2. Composition according to claim 1 wherein mannitol is selected from pearlitol 160, pearlitol 200 SD.
3. Composition according to claim I which comprises 30 to 90 % by weight of mannitol.
4. Composition according to claim 1 which comprises 5 to 40 % by weight of calcium silicate.
5. Composition according to claim 1 which comprises 5 to 40% by weight of one or more polysaccharides

6. Composition according to claim 1 wherein the one or more polysaccharide is selected from starch, pregelatinized starch, cellulose and mixtures thereof.

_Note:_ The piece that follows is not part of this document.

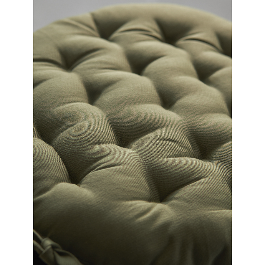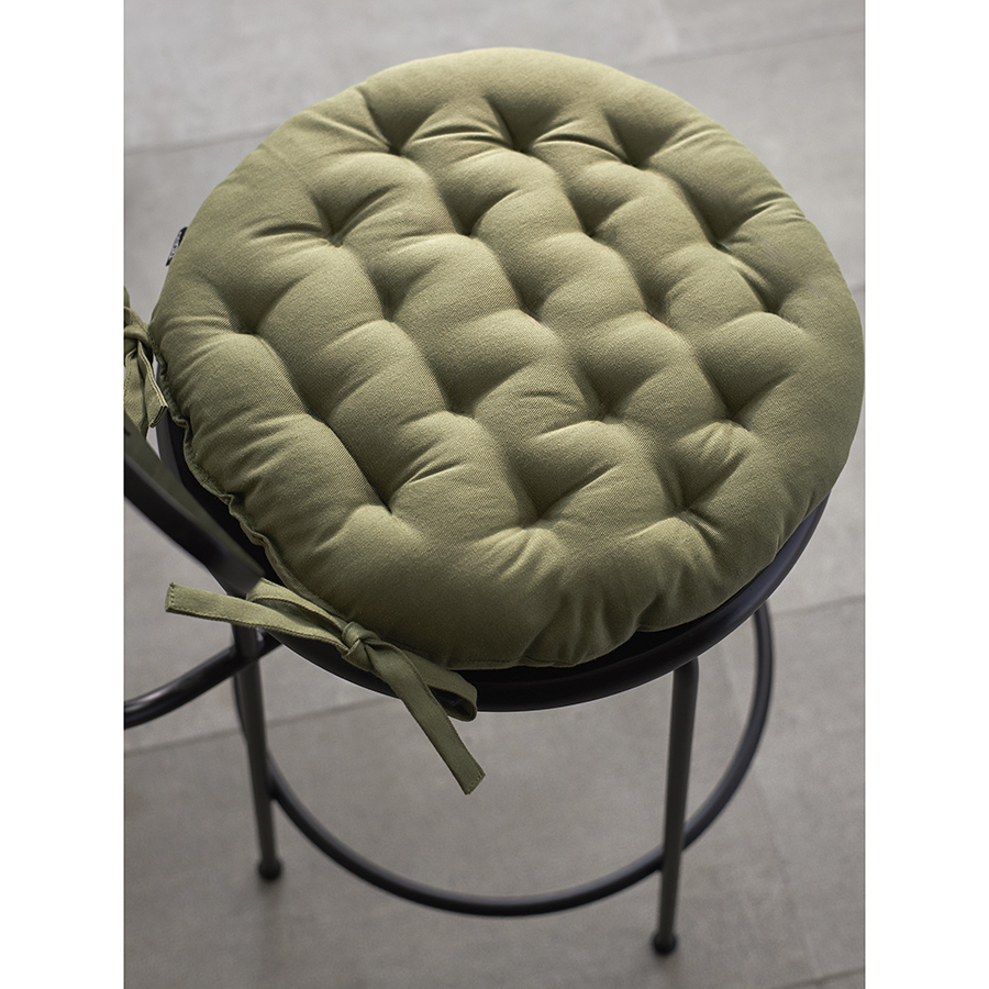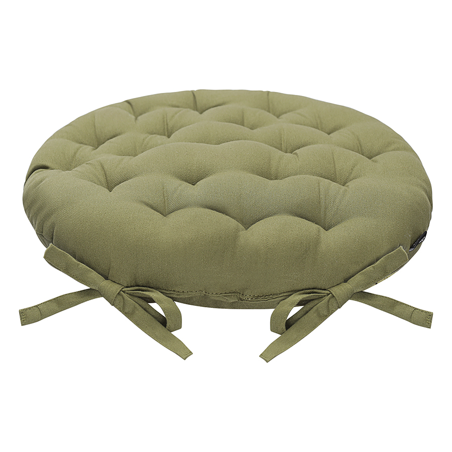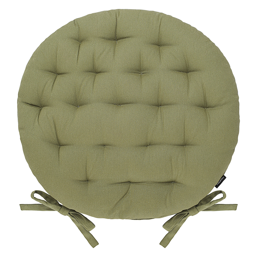 Подушка круглая оливкового цвета из коллекции Essential станет отличным дополнением к вашей кухонной мебели. Ее можно использовать в качестве мягкой накладки на деревянные или металлические стулья, чтобы сделать их жесткую поверхность более удобной для сидения. Подушка легко фиксируется на ножках мебели с помощью специальных завязок. Однотонное изделие в лаконичном дизайне органично вписывается в любой современный интерьер. Чехол подушки изготовлен из экологичного и долговечного 100% хлопка. В качестве наполнителя используется плотный полиэстер, который позволяет изделию сохранять первоначальную форму на протяжении всего срока службы.
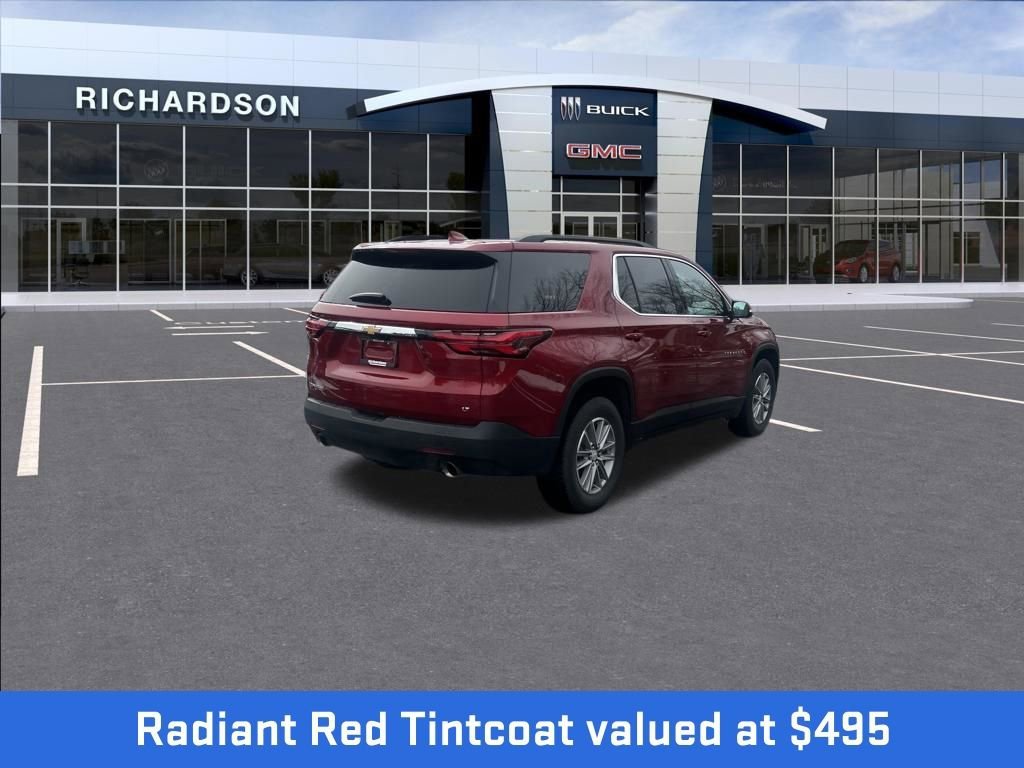 Discover the Refined Versatility of the 2023 Chevrolet Traverse LT 1LT. This 2023 Chevrolet Traverse LT 1LT is a remarkable pre-owned SUV that combines style, capability, and convenience. With its sleek Radiant Red Tintcoat exterior and well-appointed interior, this Traverse is ready to elevate your driving experience. This Traverse LT 1LT is more than just a capable SUV – it's a versatile companion that can adapt to your every need. With its spacious, well-designed cabin and a powerful 3.6L V6 engine, this Traverse provides a refined and confident driving experience, whether you're navigating the daily commute or embarking on a family adventure. The Convenience and Driver Confidence Package elevates your driving experience with features like the Chevrolet Infotainment 3 Plus system, heated front seats, and a rear power liftgate. The Rear Camera Mirror Package enhances visibility and safety with the HD Surround Vision system and Rear Camera Mirror Washer. For those with towing needs, the Trailering Equipment package, including a heavy-duty cooling system and trailering assist guidelines, ensures your Traverse is ready to handle your gear with ease. As a Chevrolet Certified Pre-Owned vehicle, this Traverse has undergone a rigorous 172-point inspection and comes with an impressive suite of benefits.

7. A process for preparing an orally disintegrating composition comprising (a) Zolmitriptan, a salt or solvate or polymorph thereof as active ingredient, (b) mannitol, and (c) calcium silicate and (d) optionally one or more polysaccharides along with one or more pharmaceutically acceptable excipients by direct compression.
8. The process according to claim 7, wherein direct compression method comprises
(a) mixing of weighed and sifted active ingredient with mannitol, calcium silicate and optionally other pharmaceutically acceptable excipients,
(b) lubricating the blend of (a), and
(c) compressing the lubricated blend in to tablets.

9. Composition according to claim /, which disintegrates in less than 60 seconds in the oral cavity.